▸ WORK REQUEST:
Only the lines from the one containing "UMS, UM-1 **มีสินค้า" to the end of the listing below should be returned, exactly as written and without pictures.

▸ DATA EXCERPT:
================================
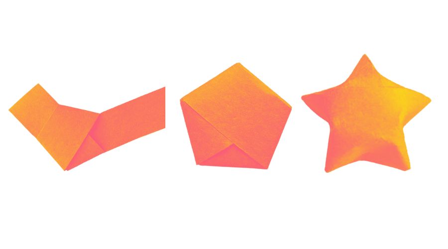 ④星の辺の部分を持ち、内側に押し込んだり、角をつまんだりして星の形を作っていきます。
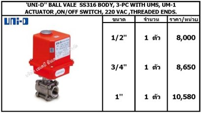 UNI-D" BALL VALVE SS316 BODY, 3-PC WITH UMS, UM-1 **มีสินค้า
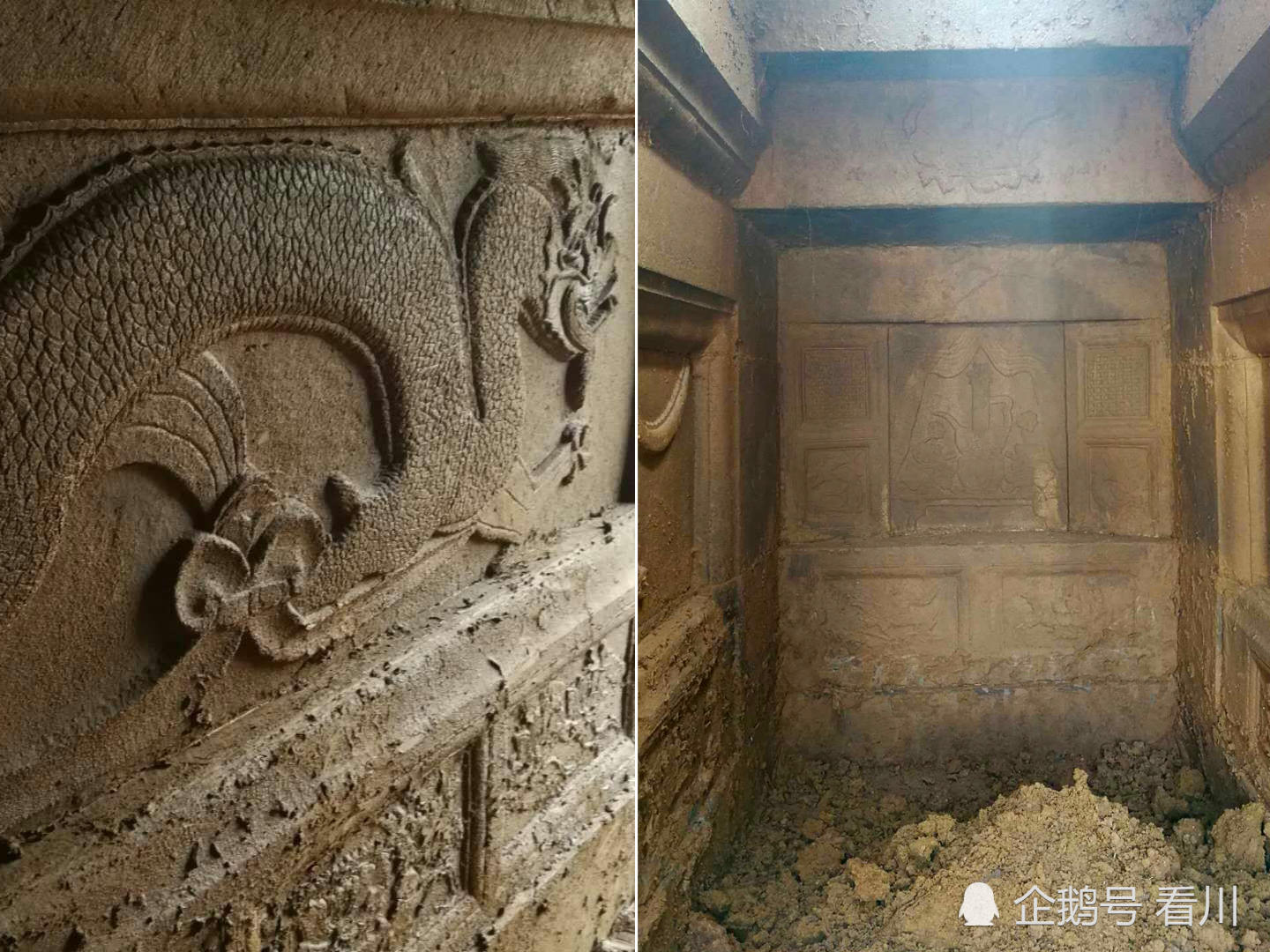 农村工地挖出千年宋代古墓,墓室内有龙
================================
▸ TASK SOLUTION:
 UNI-D" BALL VALVE SS316 BODY, 3-PC WITH UMS, UM-1 **มีสินค้า
 农村工地挖出千年宋代古墓,墓室内有龙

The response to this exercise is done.